O homem confiante estava à frente deles, acompanhado por três cavaleiros às suas costas enquanto observava os demais se amontoarem em sua frente. A praça central de Filgord estava repleta de cavaleiros em trajes de couro, talvez trezentos apenas ali, ouvindo as instruções do capitão, ou seja lá qual fosse sua posição.

— Não pretendemos levantar acampamento, a viagem é longa e nosso tempo curto, ao invés disso apenas breves pausas para os cavalos se recuperarem e descansarmos. Será um desafio chegar a tempo, por isso estaremos divididos em grupos menores para que as forças essências cheguem ao nosso destino primeiro. Esse grupo cavalga comigo e Sunna floresta a dentro e se divide assim que pisarmos em Yona, Metade de vocês segue com ela e a outra acompanhará o exército do príncipe. — Uma pausa e silencio imaculado preencheu o ambiente. — Por fim, nossos mantimentos não nos acompanharão, por isso alguns cavalos estão ocupados com o essencial e a maioria de vocês foi escolhida para essa tarefa, são caçadores não são?

Alguns homens riram, animados com o que parecia uma piada incompreensível para Minerva, mas sua mãe não riu, talvez também não tenha entendido.

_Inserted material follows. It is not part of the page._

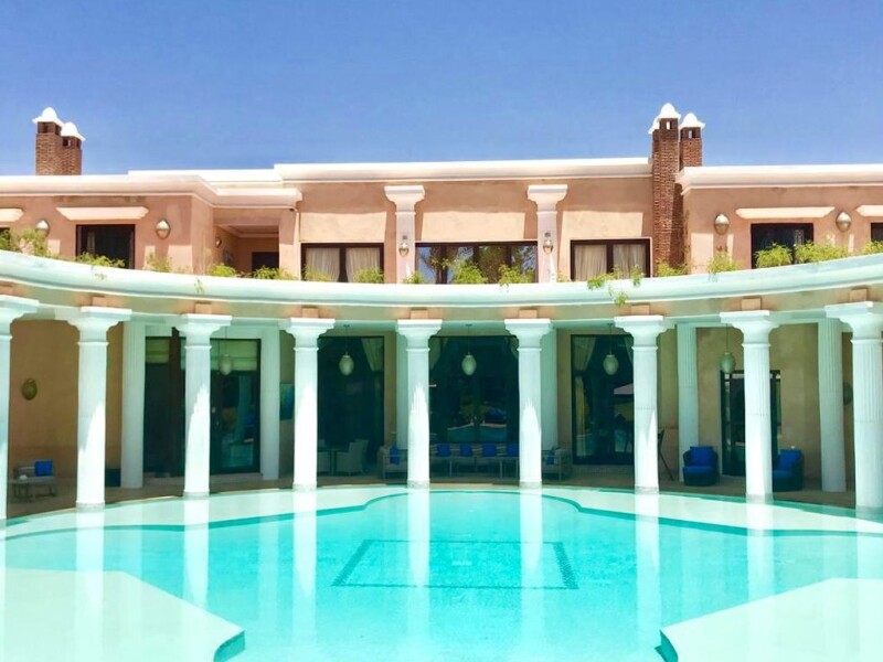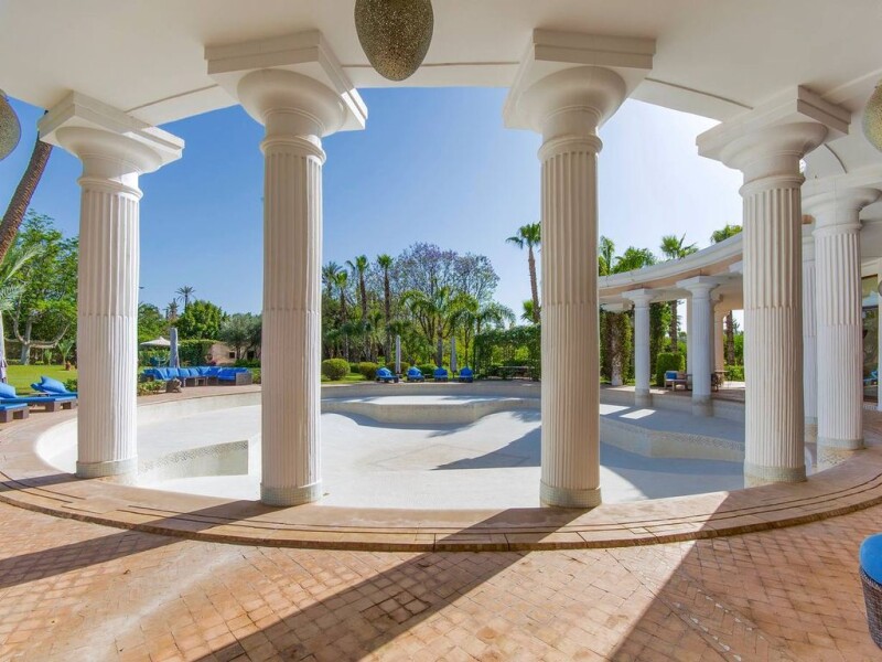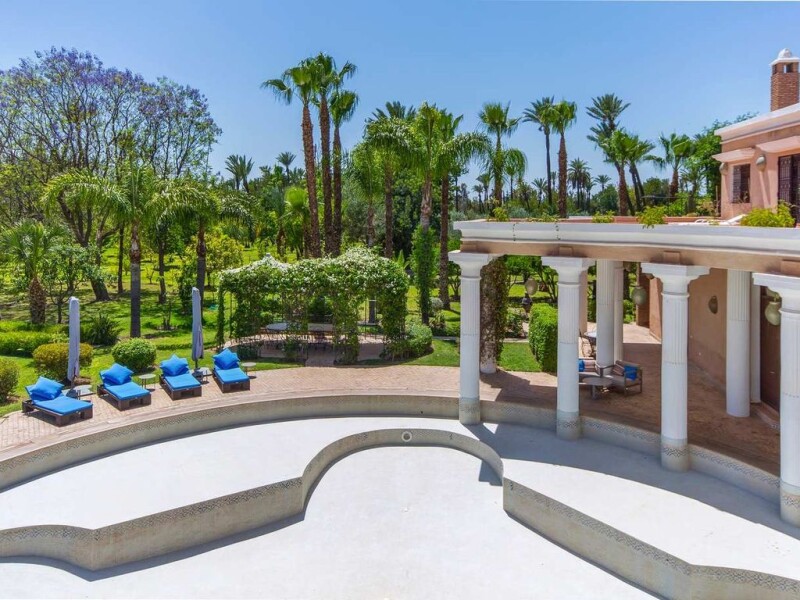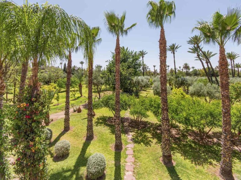 This property built on two hectares is located in one of the best places in the palm grove. 6 km from Mamounia and 10 minutes from Marrakesh Menara Airport, it is surrounded by palm and olive trees with bougainvilleas, laurels and roses. Light filters through the vegetation, highlighting the colors and the scents of jasmine that intoxicates you in the evening. The villa, open to the south by its terraces bordered by columns giving it a Holywoodian character, surround the heated circular swimming pool bordered by a beach welcoming deckchairs. Its large interior volumes give it the air of a palace: the huge living room is distributed in several living spaces and the dining room lit by a skylight is isolated by Fellinian sheers. and the 6 suites all with bathroom, dressing room and terrace allow you to stay pleasantly. An independent guest house, with fireplace lounge, suite and bathroom completes the whole. The kitchen is equipped and independent accommodation exists for the staff. Underfloor heating in the common areas and central in the suites. Reversible air conditioning sheathed in all rooms. The land consists of two land titles of one hectare each. Possibility of building another villa of 900 m2 or 1500 m2 in tourism project on the 2nd hectare. 1.03 hectare Charming property.

— É dessa animação que precisamos. Somos brotos. — O sorriso do capitão terminou de encorajar seus homens que o acompanharam no lema, uma prece e uma esperança.

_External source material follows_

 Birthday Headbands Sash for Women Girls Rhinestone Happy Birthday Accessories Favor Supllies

— Há um passo de desabrochar. — Entoou a multidão.

Os cavalos começaram a trotar floresta a dentro em um ritmo desorganizado e individual, aos poucos sumindo no escuro entre as arvores. Sunna preparou as rédeas para acompanha-los e Minerva sentiu um frio na barriga com antecipação, mas a expectativa de ambas foi frustrada por um cavalo parando em frente ao delas de forma repentina. Sobre ele, estava Rence.

— Isso está indo longe demais. Não pode leva-la — Sua voz estava baixa, mas raiva pintava o rosto normalmente amigável de Rence em uma carranca repleta de sombras e ira. — Ela estará em perigo. Não posso deixar que faça isso.

— Se está tão preocupado então cuide dela você mesmo. Lá, em Vlaches. — Sunna estava estática como uma pedra, as palavras vorazes sem qualquer emoção além de monótoniedade. Mas para Rence, aquilo soou como um soco.

— Como tem coragem de me pedir isso. Depois de tudo isso é o que sou para você? — Clareza tomava conta do homem aos poucos, como veneno se espalhando em suas veias. Ele não parecia suplicante, mas arrasado, traído.

—Eu estou cumprindo o meu dever, essa luta não é sobre você. — Algo pareceu mais ameno nas palavras da profetiza, mas isso foi ignorado pelo seu leal soldado, agora, relutante.

— Não, não é.— Recostada no peito de sua mãe, Minerva pode senti-la prender a respiração quando os olhos frios de Rence deixaram os dela para encontrar Minerva sentada a sua frente.— É por ela. — Sunna permaneceu em silêncio.

— Diga quem é o pai dela. Ou eu direi. — De repente o mundo voltou a ser o que era, sem a nevoa da exaustão, o medo da floresta ou a fascinação, Minerva recordou do sonho, de Elijah, sua mãe matando uma besta. Angustia voltou a apertar sua garganta e as lágrimas voltaram aos olhos. Ela se agarrava à capa da mãe, amassando o tecido com as mãos nervosas e frias. Ela se lembrava de tudo.

Como se o cavalo de Rence sequer estivesse ali, Sunna trotou com sua égua rumo a floresta.